オンリーローズ(デス種/ラクスとミーア)。
2005年05月21日(土)

 光を浴びた少女は笑んで告げたのだ。








「ごきげんよう、ラクス・クライン」
 微笑んだ唇、豊かな桃色の髪、肌理細かな白い肌、まだ年若い少女。彼女はやってきたラクスに、何ら臆することなくそう言った。
 瓜二つ。そんな言葉がラクスの脳裏によみがえる。
 彼女は何という名であったのか。その自分とよく似た顔を見つめながら、ラクスは考えた。
「…はじめまして」
 ミーア・キャンベル。
 一歩もたじろがず、ラクスはその姿に向かってその名を呼んだ。
「あたり」
 にこりと、桃色の髪の少女が笑う。淡いブルーの瞳。
 廃墟のような舞台。崩れた外壁の前に踵の高い靴で立つミーアの前で、ラクスは羽織っていた裾の長い外套を脱ぐ。ばさりと広がる布地の下に、歌姫の衣装が現れる。
「あら、歌いにいらしたの?」
 後ろで手を組み、ミーアが小首を傾げる。作られた『ラクス・クライン』の仕草。ラクスは目を細めた。
「いいえ、違いますわ」
 中央にある階段に、一つ足を乗せる。
「あなたにお会いしたくて、参りました」
 かつりとラクスの足元で音が鳴る。一段上るごとにその音は劇場の中に響いたが、ミーアは一歩も動かずにラクスを迎えた。

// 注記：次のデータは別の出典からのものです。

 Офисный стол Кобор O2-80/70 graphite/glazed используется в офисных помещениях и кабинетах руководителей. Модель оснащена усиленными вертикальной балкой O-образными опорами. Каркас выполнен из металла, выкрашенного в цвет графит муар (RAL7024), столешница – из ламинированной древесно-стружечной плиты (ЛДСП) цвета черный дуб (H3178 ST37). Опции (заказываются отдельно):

「ラクス・クラインが二人。あなたはそう思いますか? ミーア・キャンベル」
「…おかしいことを言うのね。二人と言いながら、なぜあたしをミーアと呼ぶの?」
 対峙する二人の少女の周囲で、かすかな埃が舞った。
 微笑むミーアに、ラクスは気味の悪さは感じなかった。彼女は堂々と『ラクス・クライン』を演じている。そのことに一片の罪悪感も見当たらない。

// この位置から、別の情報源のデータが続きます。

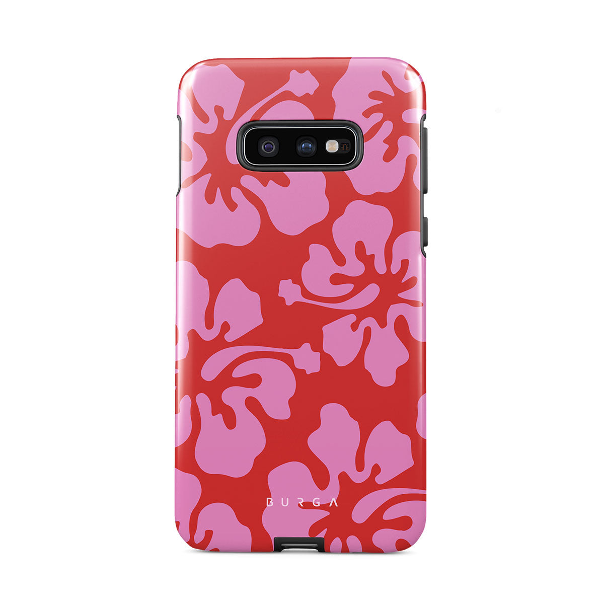 Dive into a sea of floral fantasy with Me Gustas Tu. Featuring oversized coral-toned blooms against a fiery backdrop, this Samsung Galaxy S10E phone case design captures the wild heart of tropical flowers—perfect for those who want to carry a touch of exotic flair.

「あなたが『ラクス・クライン』に成り代わることを求めたのは愚かなことだったのでしょうか」
「答えになっていないわ」
「あなたは、わたくしを好いてはいらっしゃらない。そうお見受けしました」
 糸が切れて幕が落ちるように、ミーアの微笑が消えた。
「そうよ。あたしは、本当はあなたが嫌い」
 白い靴でラクスに近づくと、ミーアはそっと顔を寄せた。
 間近で見据えあう二対の双眸。しんと冷えたその色が、二人の共通点の中で最もよく似ていた。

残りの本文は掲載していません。